Kousa dogwood (Cornus kousa), also known as Japanese dogwood and Oriental dogwood, is a small ornamental tree that belongs to the genus Cornus and the family Cornaceae. This deciduous tree is a woody perennial with a life span of five to 20 years and is commonly grown for its year-round esthetic value.
Native to East Asian regions of Korea, China, and Japan, this tree shows hardy growth in USDA zones 5 to 7. While planting it, keep in mind that the plant shows a strong preference for areas that receive full sunlight or partial shade areas. Find a well-drained area that has plenty of moisture and acidic soil. Although these are the ideal conditions for their growth, these trees can grow in compacted, neutral, or alkaline, and dry soils.
The kousa dogwood tree has a low requirement for water. Do remember to irrigate it during the dry and hot spells in summer. This is important as the leaves of this tree are highly susceptible to scorching under hot conditions. Watering them sufficiently would help prevent this. An air temperature down to –14°F can be tolerated by this tree.
These trees prefer decomposing mulch to synthetic fertilizers. To promote root growth, avoid the use of nitrogen fertilizers in the first year after transplantation.

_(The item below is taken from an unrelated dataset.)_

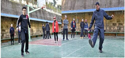 信息工程系系主任苏峥嵘老师与系部数媒班班主任常云刚老师参加学院教工队的踢毽子比赛。
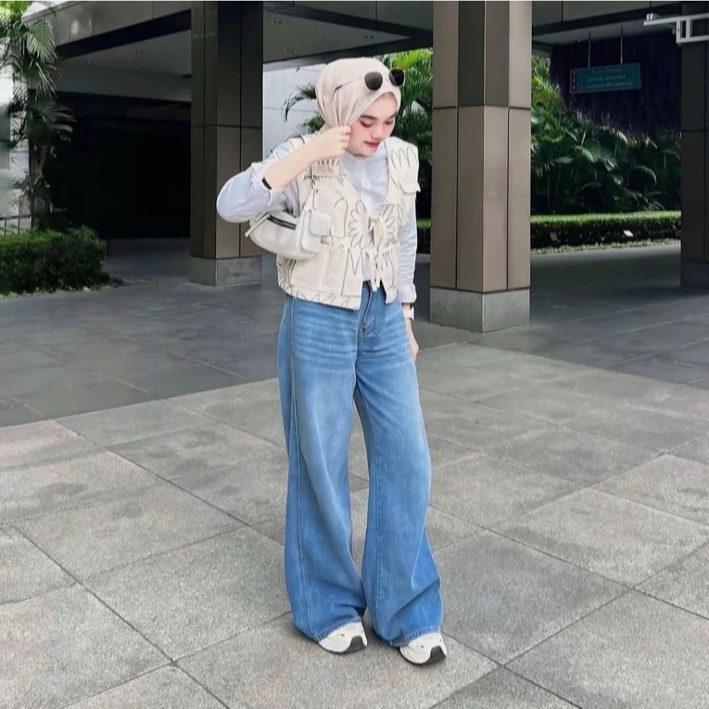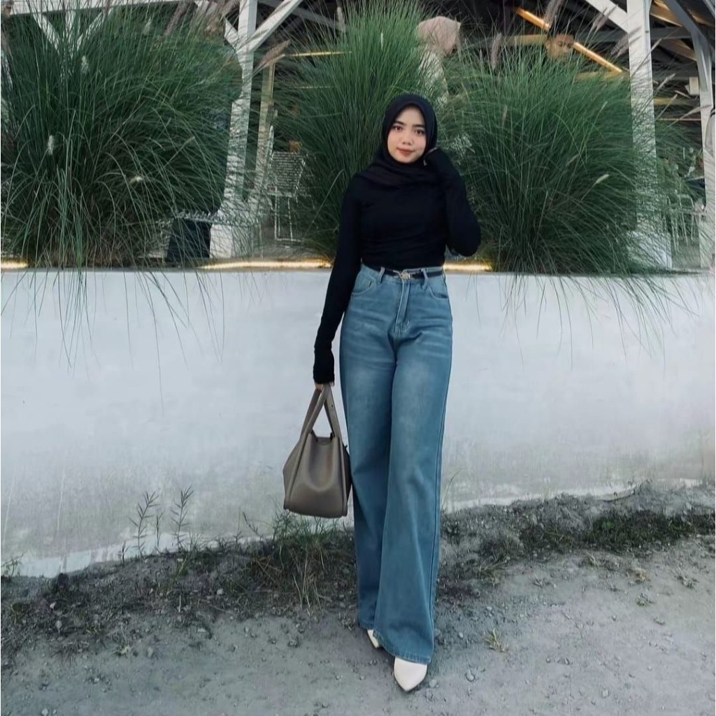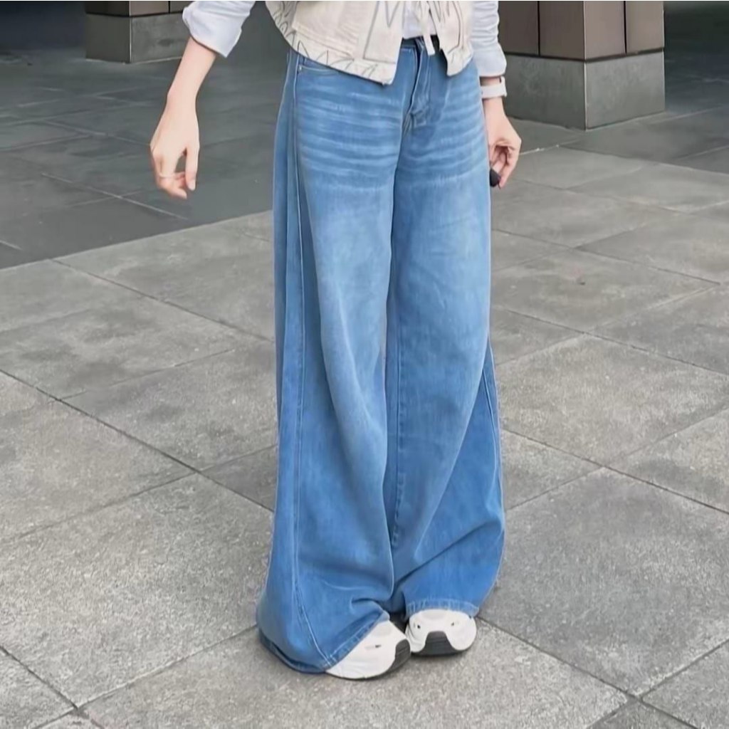 Jeans Celana Jeans terbaru kulot Korea Biru muda pinggang tinggi Baggy Jeans baggy baggy Murah Gratis Ongkir

Expect the kousa dogwood to bloom anytime between late spring and early summer. The flowering extends over a period of at least 6 weeks. Before flowering, the tree produces red raspberry-like berries. When in bloom, the kousa dogwood foliage gives a show of white, which is actually attributable to its petal-like bracts than to its flowers. This tree is capable of growing to at least a height of 10 feet.
Prepare a seedbed and sow the seeds of dogwood during autumn, or go for stratification in spring. If it is summer, consider rooting of greenwood cuttings.

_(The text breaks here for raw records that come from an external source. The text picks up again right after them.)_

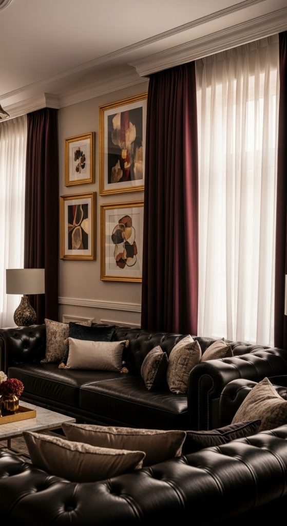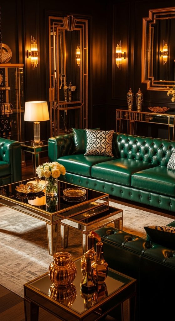 Want your living room to feel like a Gatsby party? Go for Art Deco leather sofas with gold accents, glossy finishes, and dramatic shapes.
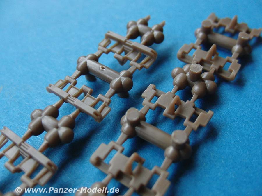 Die Kette stellt sich als bewegliche Einzelgliedkette dar, wobei die Kettenglieder noch vom Anguss getrennt werden müssen und dann mit zwei einzelnen Steckbolzen zusammen gesteckt werden. Eine etwas undankbare Aufgabe - aber für eine bewegliche Kette eine der wenigen Möglichkeiten. Und die Kettenglieder sehen hammermäßig aus - sauber, feine, scharfe Details und vor allem keine einzige Auswerferstelle! Für den Kettenzusammenbau liegt eine Montagehilfe bei, auf der die Kettenglieder einfach und schnell korrekt zusammengesteckt werden können.
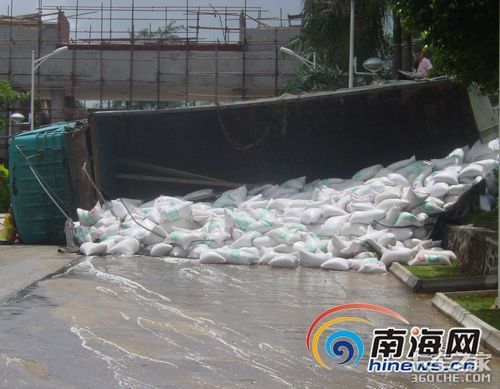 7月21日下午,海口监狱内一辆大货车突然侧翻致司机受伤,车厢里的大米散落一地,特勤消防官兵到场及时处置。
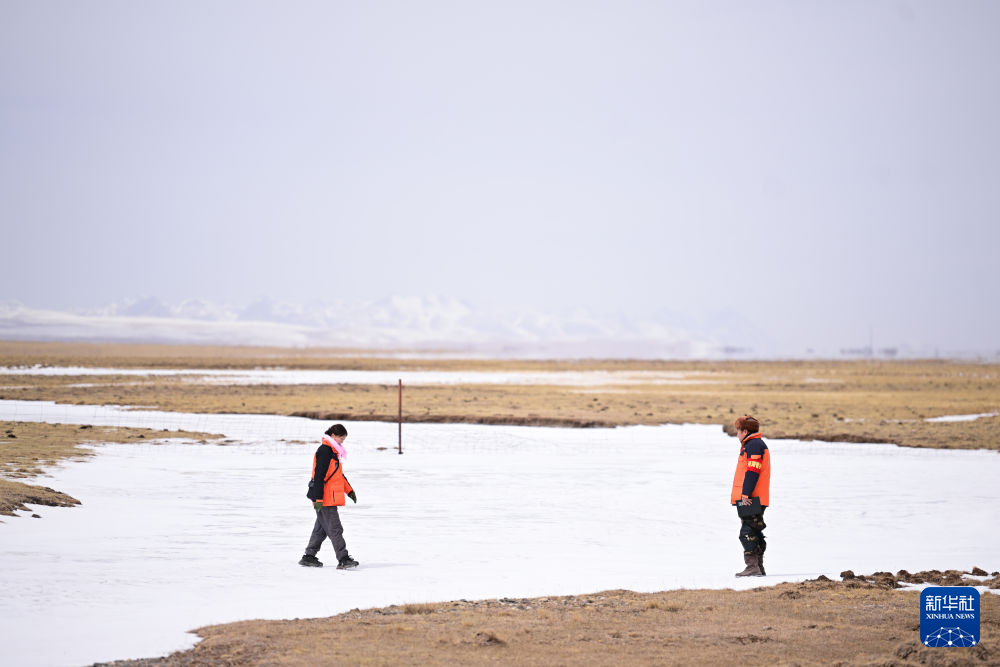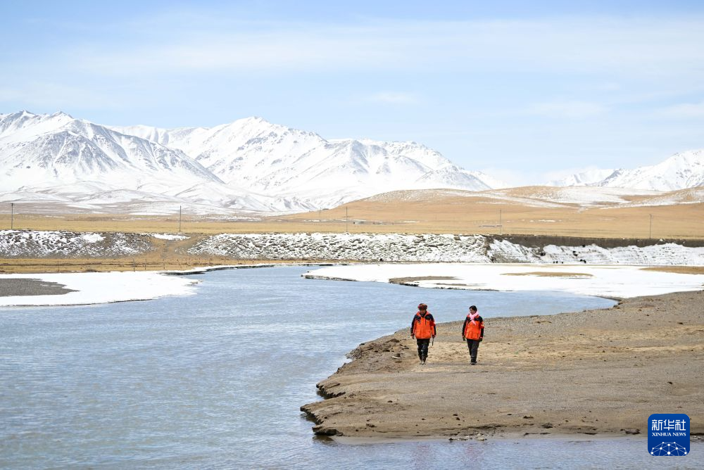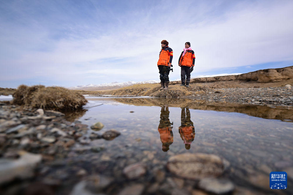 3月21日,葉金俄日(右)與東木措在青海省海北藏族自治州祁連縣的黑河流域巡護(hù)。新華社記者 張龍 攝

Kousa dogwood is especially sensitive to transplantation during autumn. Therefore, if you wish to transplant during autumn, ensure that you provide the plants with the required kind of soil, fertilize well, and mulch as necessary. To maximize the chances of survival during the first winter, take care to avoid winter salt spray.

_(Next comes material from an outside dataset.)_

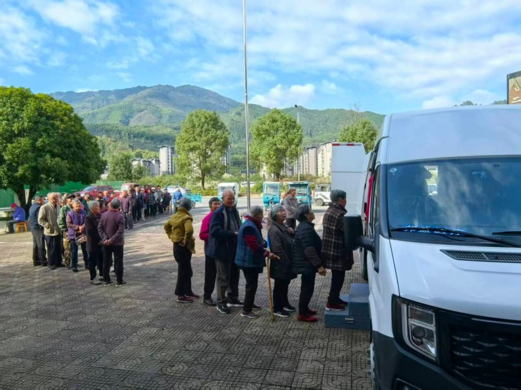 许多老年人常有呼吸不畅、咳嗽等不适,但专程前往大医院检查往往多有不便。因此,这项直达村口的免费胸部拍片服务一经推出,便深受老年村民欢迎。检查活动自当天上午8点持续至下午3点。清晨七点,流动体检车已静静停驻在村委会门口,银白色车体在晨光中格外醒目。按照预约时段,老人们陆续抵达,工作人员高效有序地为他们逐一建立个人电子健康档案,引导大家排队接受专业、便捷的DR影像检查。活动现场,村医杨医生还向老人们发放了健康知识宣传手册,耐心讲解日常保健要点,提醒大家增强健康防护意识,筑起健康屏障。
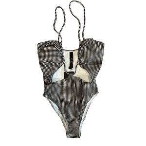 VIX Paula Hermanny womens Lupita One Piece Swimsuit size Small Black Check $248

The kousa dogwood is hardy and is affected by no serious diseases or pests. However, occasional cases of wood rot and decays, anthracnose, gray mold, basal rot, root rot, Phytophthora canker, and dogwood anthracnose have been reported.
Rotting and decay of the wood could pose a danger when the rotten structures overhang homes. If you think that rotting has reached a point beyond control, remove the tree as soon as possible.
When anthracnose affects your tree, immediately remove all the affected parts and generously apply fungicides.
To prevent gray mold, use some fungicides to help reduce the chances of leaf, stem, and fruit infections.
Reduce the quantity and frequency of watering and set the drainage right to control basal rot, root rot, and canker successfully.
In the case of dogwood anthracnose, immediately strip your tree of the infected foliage and destroy all the leaves as soon as possible.